When I use alphanumeric in general using "^[a-zA-Z0-9\s]+$"
,
it doesn't pass for "中文ABC123"
and regex validation fails.
What other expressions do I need to add for C#?
Upvotes: 19
Views: 20345
Reputation: 7263
Thanks to @Andie2302 for pointing to the right way to do it.
In Addition, for many language in the world, it's still has the 'addition character' that require main character to generate it (ex. Thai word 'เก็บ' if use only \p{L} it will display only 'เกบ', you can see that some symbolic will be missing from the word).
That's why only \p{L}
will not work for all foreign language.
So, you need to use code below, to support almost foreign language
\p{L}\p{M}
NOTE:
L stand for 'Letter' (All letter from all language, but does not include the 'Mark')

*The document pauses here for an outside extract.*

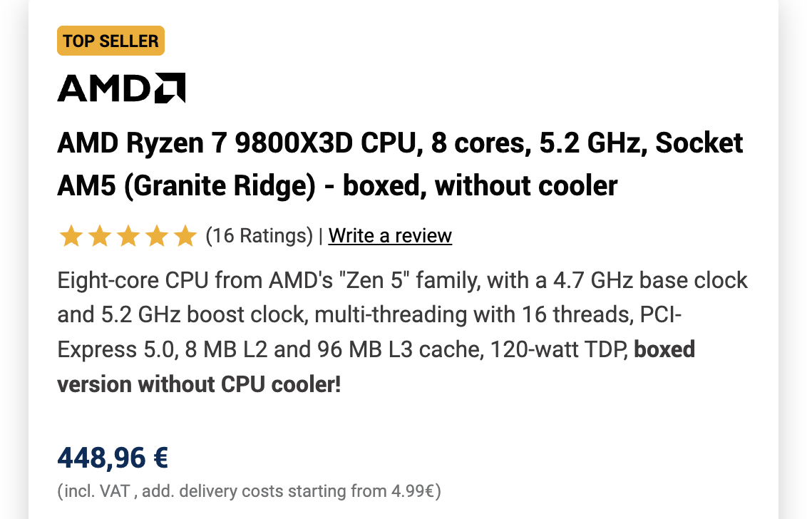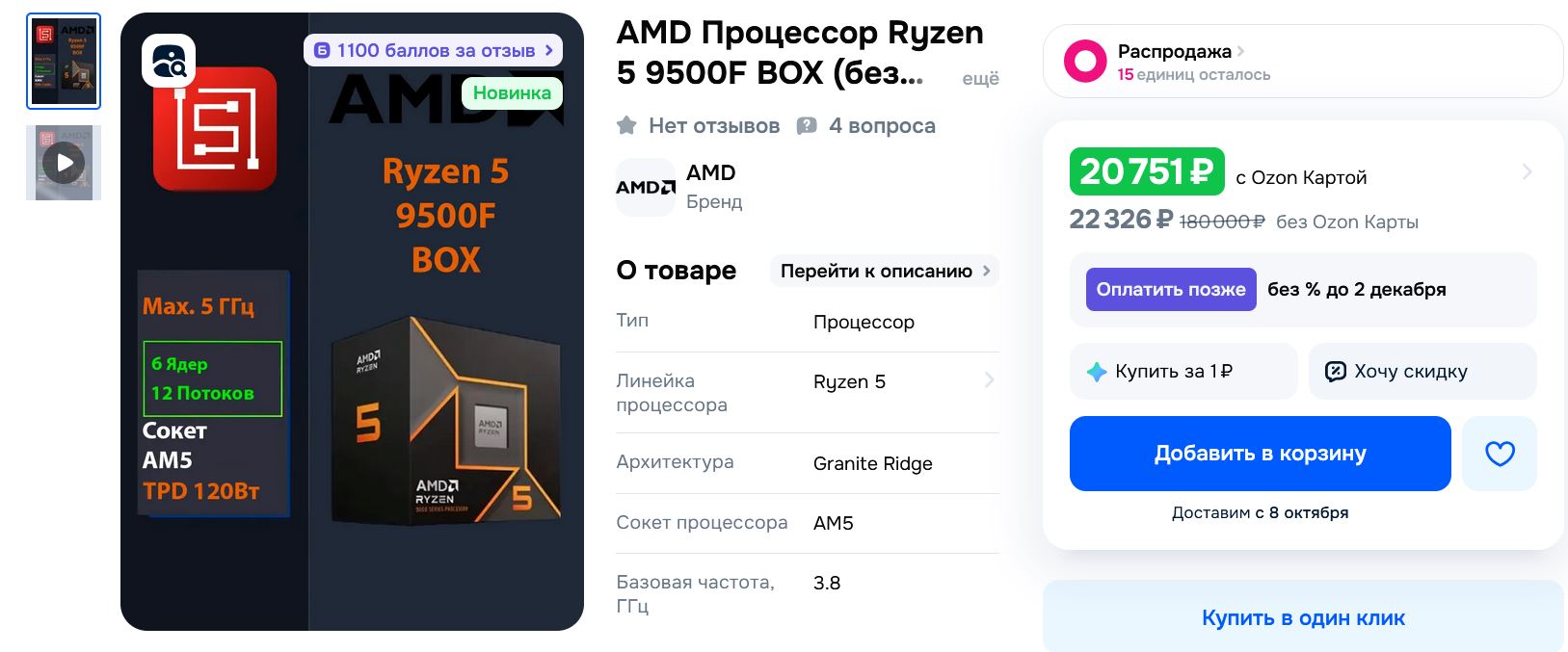 Бюджетный процессор Ryzen 5 9500F без встроенной графики позиционируется как аналог «народного» Ryzen 7500F.
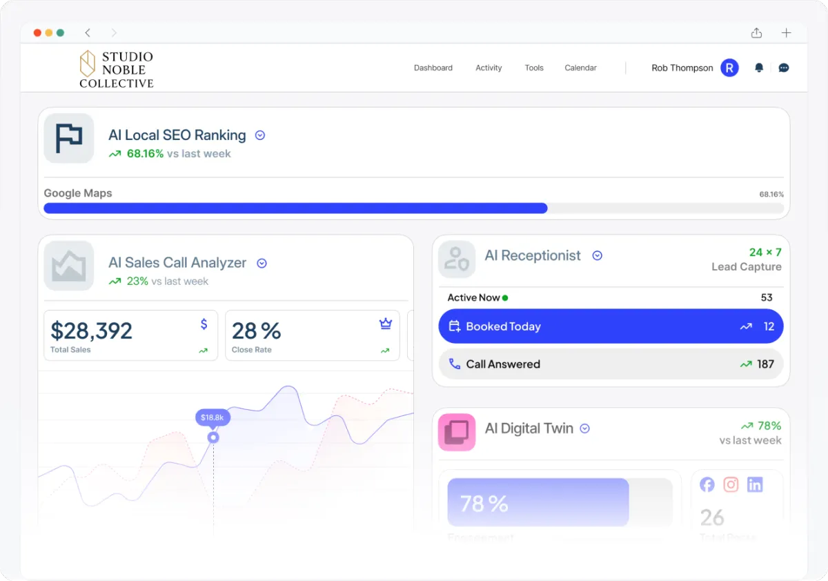 we help local businesses dominate their market, capture every opportunity, and scale without adding overhead. Using AI that works 24/7

M stand for 'Mark' (The 'Mark' cannot display alone, it require 'Letter' to display it)
In Addition that you need Number, use code below
\p{N}
NOTE:
N stand for 'Numeric'
Thanks to this website for very useful information
https://www.regular-expressions.info/unicode.html
Upvotes: 3
Reputation: 4887
To match any letter character from any language use:
\p{L}
If you also want to match numbers:
[\p{L}\p{Nd}]+
\p{L}
... matches a character of the unicode category letter.
it is the short form for [\p{Ll}\p{Lu}\p{Lt}\p{Lm}\p{Lo}]
\p{Ll}
... matches lowercase letters. (abc)
\p{Lu}
... matches uppercase letters. (ABC)
\p{Lt}
... matches titlecase letters.
\p{Lm}
... matches modifier letters.
\p{Lo}
... matches letters without case. (中文)
\p{Nd}
... matches a character of the unicode category decimal digit.
Just replace: ^[a-zA-Z0-9\s]+$
with ^[\p{L}0-9\s]+$
Upvotes: 44